We want to examine survival rates on the RMS Titanic, and more importantly, who was it that survived? Given that we want to know the **features** that contributed to one's survival on that fateful shipwreck, **decision trees** seem quite suited to this purpose.

Let's take a look at some of the variables in the dataset.

------

**VARIABLE DESCRIPTIONS:**
* survival   -     Survival
                (0 = No; 1 = Yes)
* pclass     -     Passenger Class
                (1 = 1st; 2 = 2nd; 3 = 3rd)
* name       -     Name
* sex        -     Sex
* age        -     Age
* sibsp      -     Number of Siblings/Spouses Aboard
* parch      -     Number of Parents/Children Aboard
* ticket     -     Ticket Number
* fare       -     Passenger Fare
* cabin      -     Cabin
* embarked   -     Port of Embarkation
                (C = Cherbourg; Q = Queenstown; S = Southampton)

**SPECIAL NOTES:**
Pclass is a proxy for socio-economic status (SES)
 1st ~ Upper; 2nd ~ Middle; 3rd ~ Lower

Age is in Years; Fractional if Age less than One (1)
 If the Age is Estimated, it is in the form xx.5

With respect to the family relation variables (i.e. sibsp and parch)
some relations were ignored.  The following are the definitions used
for sibsp and parch.

* Sibling:  Brother, Sister, Stepbrother, or Stepsister of Passenger Aboard Titanic
* Spouse:   Husband or Wife of Passenger Aboard Titanic (Mistresses and Fiances Ignored)
* Parent:   Mother or Father of Passenger Aboard Titanic
* Child:    Son, Daughter, Stepson, or Stepdaughter of Passenger Aboard Titanic

Other family relatives excluded from this study include cousins,
nephews/nieces, aunts/uncles, and in-laws.  Some children travelled
only with a nanny, therefore parch=0 for them.  As well, some
travelled with very close friends or neighbors in a village, however,
the definitions do not support such relations.

In [1]:
# Standard imports
import pandas as pd
import numpy as np
from sklearn import tree
import matplotlib.pyplot as plt

%matplotlib inline

# Imports to allow us to write to io and view images in ipython
from IPython.display import Image
from sklearn.externals.six import StringIO
import pydot

In [2]:
#path_to_repo = "/Users/brianchung/Desktop/ga-ds/"
data = pd.read_csv("titanic.csv")

In [3]:
data.head()

Unnamed: 0,Age,Cabin,Embarked,Fare,Name,Parch,PassengerId,Pclass,Sex,SibSp,Survived,Ticket
0,22,,S,7.25,"Braund, Mr.
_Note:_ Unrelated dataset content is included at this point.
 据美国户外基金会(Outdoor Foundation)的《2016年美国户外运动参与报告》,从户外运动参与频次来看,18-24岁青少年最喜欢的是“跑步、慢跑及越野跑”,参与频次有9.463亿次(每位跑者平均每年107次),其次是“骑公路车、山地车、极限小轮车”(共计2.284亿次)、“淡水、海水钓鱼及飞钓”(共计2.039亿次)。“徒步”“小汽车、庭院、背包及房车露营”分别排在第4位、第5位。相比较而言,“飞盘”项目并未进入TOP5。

Owen Harris",0,1,3,male,1,0,A/5 21171
1,38,C85,C,71.2833,"Cumings, Mrs. John Bradley (Florence Briggs Th...",0,2,1,female,1,1,PC 17599
2,26,,S,7.925,"Heikkinen, Miss. Laina",0,3,3,female,0,1,STON/O2. 3101282
3,35,C123,S,53.1,"Futrelle, Mrs. Jacques Heath (Lily May Peel)",0,4,1,female,1,1,113803
4,35,,S,8.05,"Allen, Mr. William Henry",0,5,3,male,0,0,373450


--------
If you watch "disaster" based movies, one thing they always say is "Take the women and children first!" Let's see how true that is. 
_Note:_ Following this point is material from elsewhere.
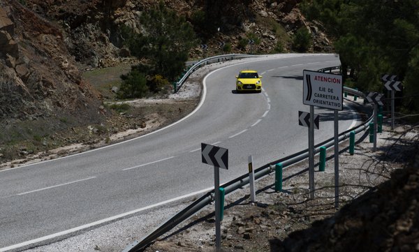 És közben még rendesen rugózik is. Nem tudom, mennyire járhattam közel a tapadáshatárhoz, mert engem a komolyabb tesztelésben kicsit feszélyeznek a mély szakadékok, márpedig az andalúz szerpentineket általában olyasmik szegélyezik. Nagyon kipróbálnám egyszer valami hívogatóbb bukóteres versenypályán, mert érdekelnének a határai. Tényleg durva, amit az autóval futóműből művelni lehet. Talán jobb is, hogy nincs hangja a kipufogónak (természetesen nem).

Does being a woman and/or child help in having survived the titanic crash?

In [4]:
X = pd.DataFrame({'Age': data.Age.replace([np.NaN],data.Age.median(method='drop')),
                  'Sex': data.Sex.apply(lambda x: 1 if x=="male" else 0)})
y = data.Survived

In [None]:
X = X[ ~y.isnull() ]
y = y[ ~y.isnull() ]

In [None]:
model = tree.DecisionTreeClassifier(max_depth=3)
model.fit(X,y)
print model.score(X,y), model.classes_
print model.feature_importances_

# Write a decision tree to a stringIO buffer using tree.export_graphviz
dot_data = StringIO()
tree.export_graphviz(model,out_file=dot_data,feature_names=["Age","Sex"])

# From the stringio, create a graph and output to screen
graph = pydot.graph_from_dot_data(dot_data.getvalue())
Image(graph.create_png())



In [None]:
from sklearn.cross_validation import cross_val_score
from sklearn.cross_validation import KFold

np.mean(cross_val_score( tree.DecisionTreeClassifier(),X,y,scoring="roc_auc",cv=KFold(len(X),n_folds=10,shuffle=True)))
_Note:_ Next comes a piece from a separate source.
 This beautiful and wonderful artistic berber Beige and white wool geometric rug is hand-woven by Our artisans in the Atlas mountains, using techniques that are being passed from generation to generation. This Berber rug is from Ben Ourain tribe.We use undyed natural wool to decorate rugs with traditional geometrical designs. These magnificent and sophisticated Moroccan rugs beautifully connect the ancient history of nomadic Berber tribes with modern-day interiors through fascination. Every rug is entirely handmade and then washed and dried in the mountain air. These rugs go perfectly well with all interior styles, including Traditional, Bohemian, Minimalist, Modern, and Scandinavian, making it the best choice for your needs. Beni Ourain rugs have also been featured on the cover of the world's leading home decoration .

Seems it was not a good time to have that Y chromosome.

------
# Exercise

Try improving upon the decision tree score for roc_auc. Recall that the roc_auc (Receiver Operating Characteristic Area under the curve) can be used as a metric in binary classification problems.

One feature that might help improve the score is the "Pclass" metric. Perhaps the rich were shuttled off the boat first? Report your scores using Decision trees, and what factors were most important in determining survival.